I've literally taken punches for being a Bronco fan. I went to a Monday night affair at Arrowhead Stadium (Chiefs vs. Raiders) in the mid 1990's with three big Chief fans. As a Donkey lover, I wanted them both to lose, but had to side with the Raiders to get a rise out of my buds. I (not altogether wisely) finished my 5th beer in the parking lot and wagered with them that they could each punch me in the left shoulder as hard as they liked, one time each, for every score the Chiefs had. Derek Thomas had seven sacks and KC scored an NFL record 22 touchdowns according to the X-Rays on my shoulder. It was worth every one of the 14 days I sported that greeple* bruise.
John Elway and Terell Davis brought me to the coveted land I'd always dreamed to visit in '97 and '98. I cried in my living room when Elway held the trophy above his head. I will always contend that he's the best all-around QB to ever play.
But something wasn't sitting right with me then...and it has come home to roost. Literally.

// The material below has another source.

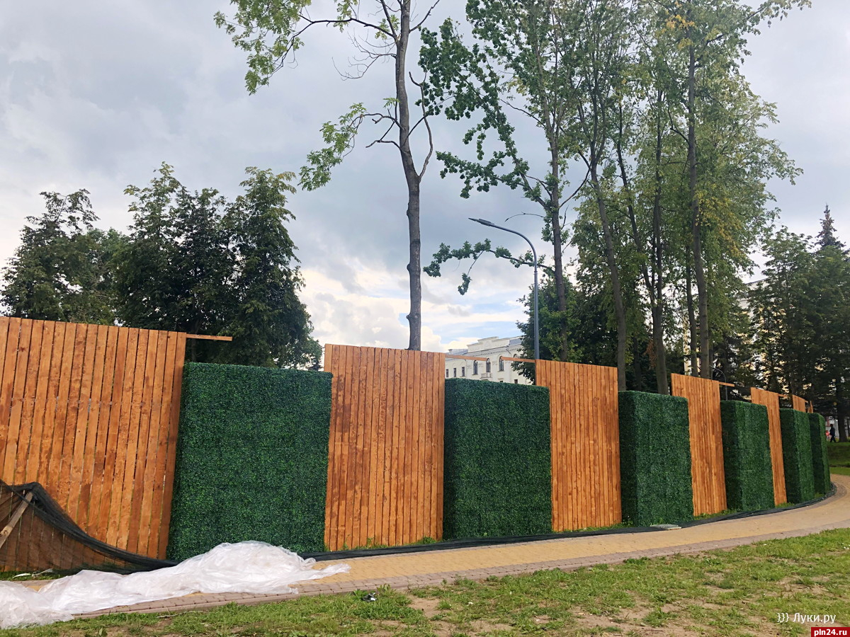 Установка ограждения также выходит на финишную прямую. Зеленую изгородь дополнили деревянные элементы, которые сменили сетку.
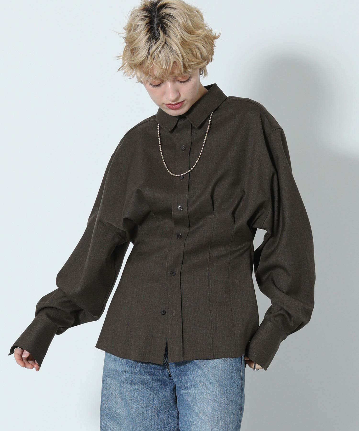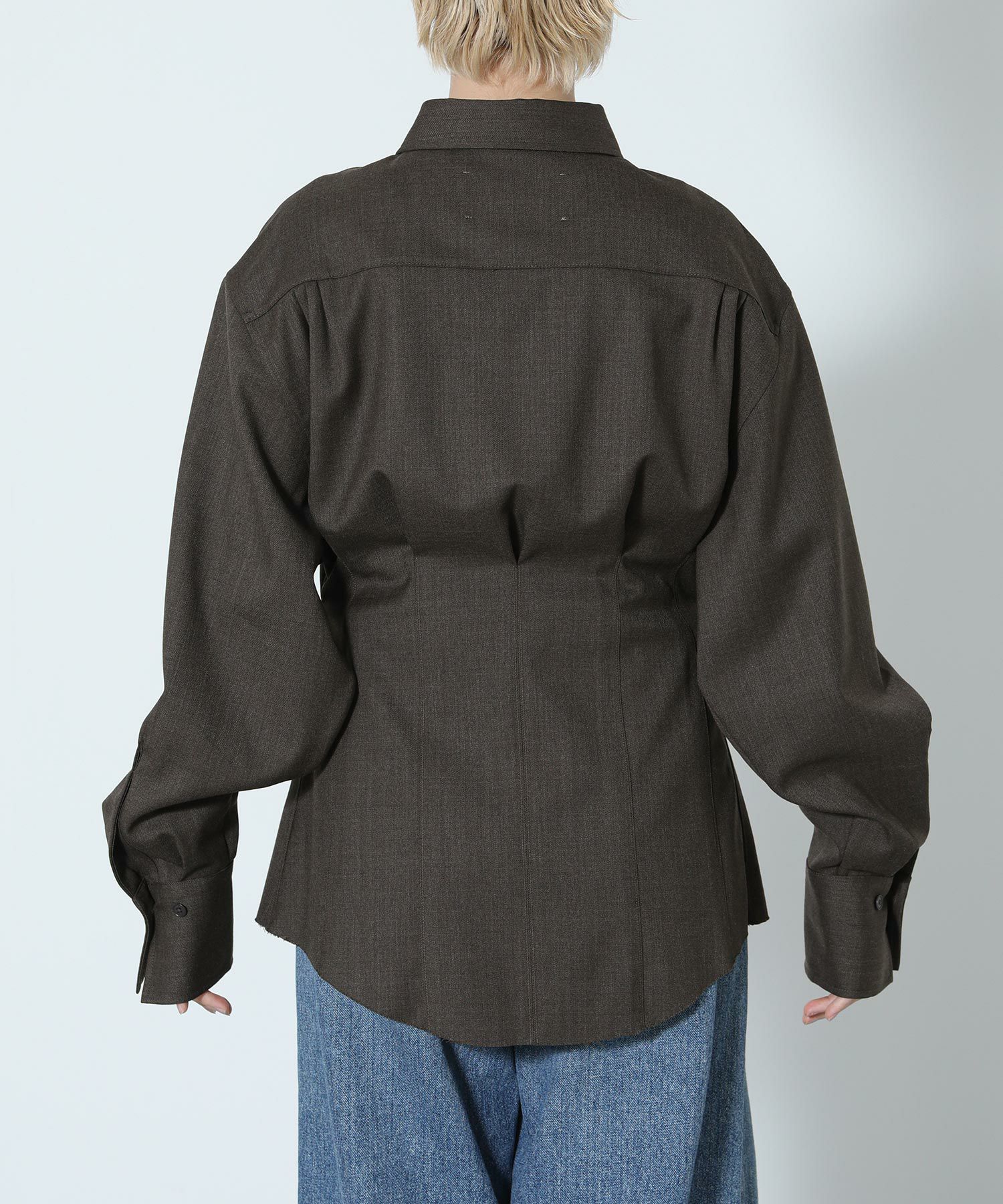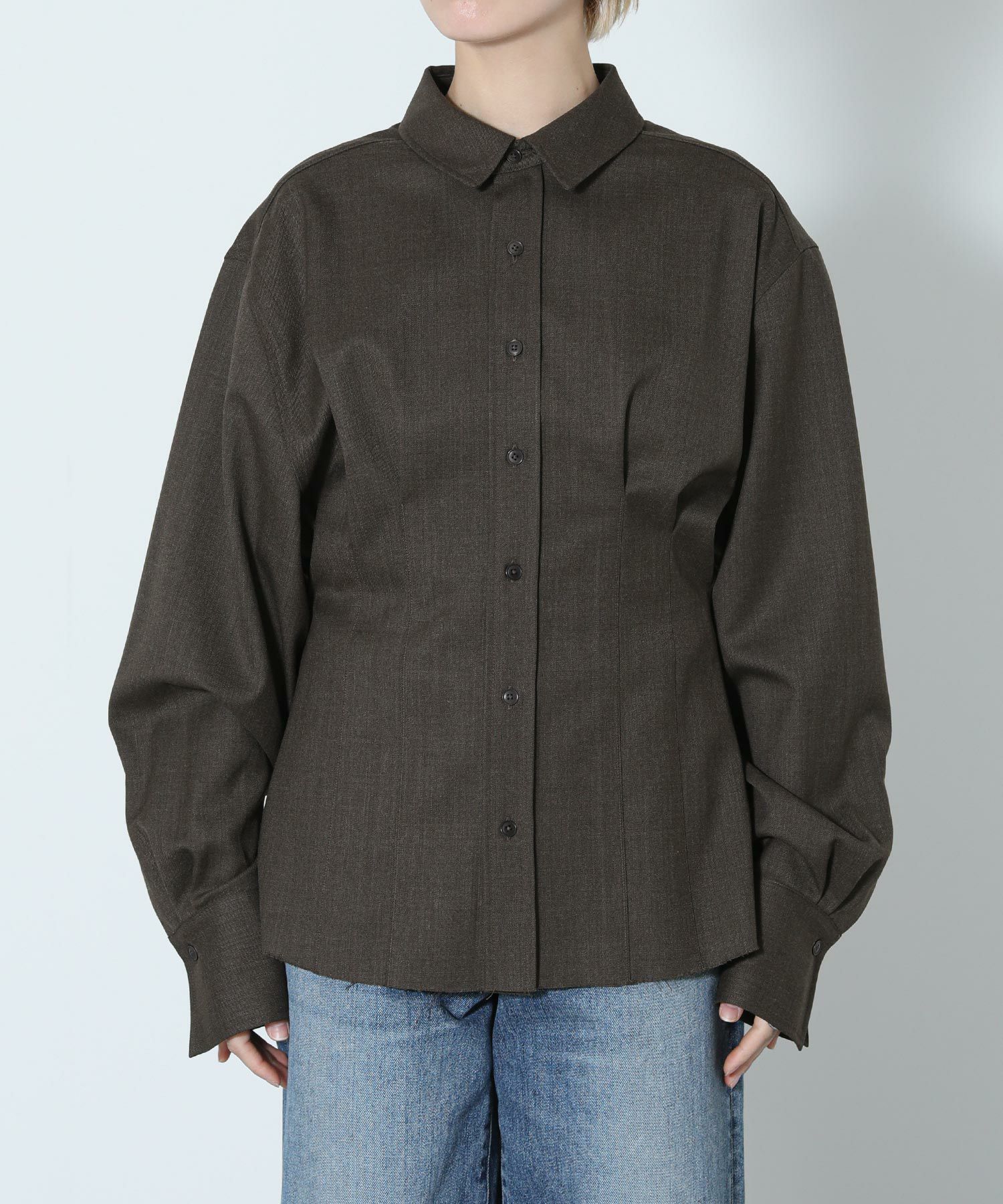 ウエスト部分がくびれたシルエットのウール混シャツ。前後にほどこしたタックや、さり気ないカフスのディテール、裾のカットオフ仕様がポイント。メンズライクな生地と、女性らしいシルエットとのバランスが絶妙な一着。ボトムのシルエットを選ばず、さまざまなスタイリングに馴染みます。上質なウール混のツイル生地を使用。

I moved to Kansas City in 1994. That's going on 17 years. My kids were born here. There was no question in our house and no Tribune mail-in contest to determine who to cheer for on Sundays. Its the Chiefs, of course. Except there's me, sitting there in my T.D. jersey, sulking as the other three trade high fives on the couch (last year's season-ending blowout loss to the Chiefs at Invesco). Sometimes I'll walk past the room where they sit and watch Cassel to Bowe touchdowns and enviously stare at them, like a hungry dog under the Thanksgiving dinner table. And they don't give me scraps. "It's your choice, dude", my wife once said to me during a chest-bumping contest they were having in the living room.
Well, Pat Bowlen, I'm mailing in my ID card. I'm sending back my badge. I took the jersey to Goodwill. I'm burning the ratty old flag with the big orange D in Times New Roman with a snouty white Mare poking though it.
I'm sorry Denver. I always loved you, but you've given me to the ultimate reason to love something...it's right in my living room.
Tomorrow, I'm taking the family to the Chiefs/Broncos game at Arrowhead. It's going to be extrememly cold and positively hard to hear-yourself-think-loud. I'm going to do something I've never done before. Eat seven hot dogs before noon.
And then I'm going to root for my hometown Chiefs.
Don't try to argue with me or call me a bandwagon boy. The Chiefs are rising, and they have a chance to make the playoffs for the first meaningful time in forever, but that's not what this is about. Even if Denver fired McDaniels tonight and Elway came out of retirement to coach them to six straight wins and an 8-8 division title, I wouldn't go back. If Denver wins by 50 and the Chiefs go ten more years without making the playoffs, they still have me now. It's not about loyalty...it's about loving the ones (fans, family) you're with.
*It's that disgusting clotted blood colormash of purple and green. It looks like boogers and grape jam.